Start of GIVEN MATERIAL

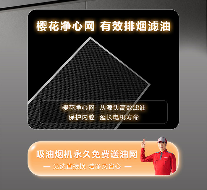SAKURA樱花“吸油烟机永久免费送油网”,以贴心而持久的关怀,让厨房回归清爽,也让日常生活更从容。
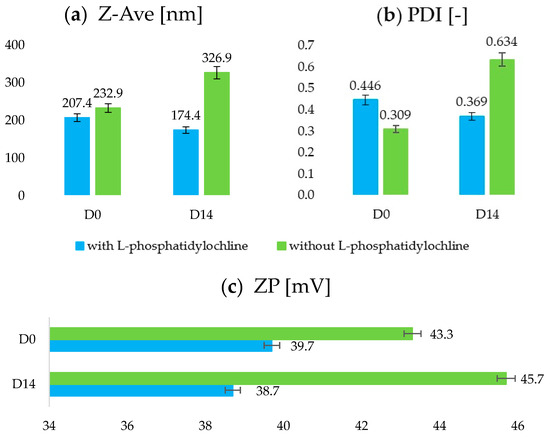 Comparison of physicochemical parameters: Z-Ave (a), PDl (b), and ZP (c) of dispersions of lipid nanoparticles containing and not containing phosphatidylcholine; the pHs of the solutions were within the range 5.33–5.47.
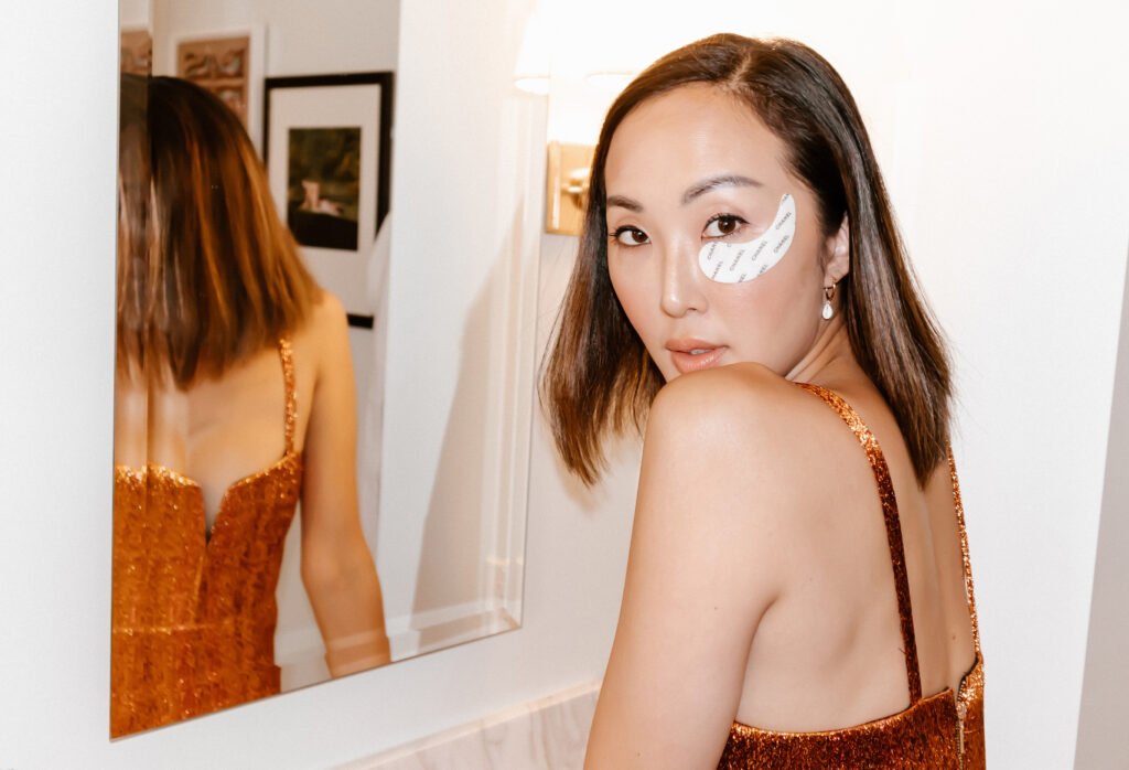 • 24-karat gold hydrogel masks refracting champagne flute clinks
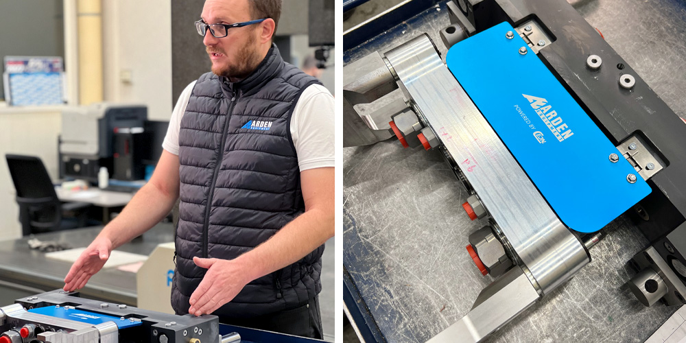 Christophe Bouillard, ingegnere progettista di Arden Equipment, insieme all'AIO350, una delle dimensioni sviluppate da Arden e CEJN.

End of GIVEN MATERIAL

- EXERCISE DIRECTIONS:
Repeat only the lines from the one holding "champagne flute clinks" through the last line of the data, inclusive. Keep the pictures out.

- ANSWER FOR THIS EXERCISE:
 • 24-karat gold hydrogel masks refracting champagne flute clinks
 Christophe Bouillard, ingegnere progettista di Arden Equipment, insieme all'AIO350, una delle dimensioni sviluppate da Arden e CEJN.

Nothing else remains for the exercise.